Activity-dependent gene expression triggered by Ca2+ entry into neurons is critical for learning and memory, but whether specific sources of Ca2+ act distinctly or supply to a common pool was uncertain. We found that voltage-dependent-gated Cav1 channels use the Ca2+ nanodomain to drive local CaMKII aggregation and trigger communication with the nucleus. In contrast, Cav2 channels must elevate Ca2+ concentration microns away and promote CaMKII aggregation at Cav1 channels, making them less efficient in signaling to the nucleus.

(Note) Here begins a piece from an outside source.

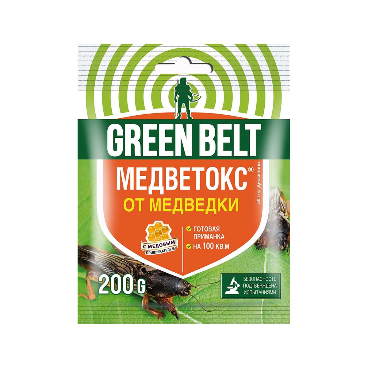 Green Belt Медветокс — готовые красные гранулы с медом-приманкой для уничтожения медведки и садовых муравьев. При поедании вредитель гибнет (1 гранула = 1 особь), часто выползая на поверхность. Гранулы вносить в почву на глубину 3-5 см: для картофеля и цветов — заделка в период вегетации; для корнеплодов и рассады — размещение в борозды 3 см с засыпкой землей и обильным поливом. Норма расхода: 20-30 г/10 м² (30 г — для картофеля/цветов или при сильном заражении). Повтор: через 1 месяц (не позднее 60 дней до урожая). Класс опасности: 3.

Wheeler DG. … Tsien RW. CaMKII locally encodes L-type channel activity to signal to nuclear CREB in excitation-transcription coupling. Journal of Cell Biology. 2008. DOI.

Grid of 6 Synaptic Images Showing that Signaling Strength is Steeply Dependent on Depolarization
We found that signaling strength is steeply dependent on depolarization.

The dynamics of signaling from ion channels to the nucleus in excitable cells is dependent on pulsatile membrane depolarizations. To better understand excitation-transcription coupling, we characterized the dependence of cAMP response element-binding phosphorylation on the level and duration of membrane depolarization. We found that signaling strength is steeply dependent on depolarization, and that Ca2+/CaM-dependent protein kinase II acting near the channel couples local Ca2+ rises to signal transduction, encoding the frequency of Ca2+ channel openings, rather than the Ca2+ flux.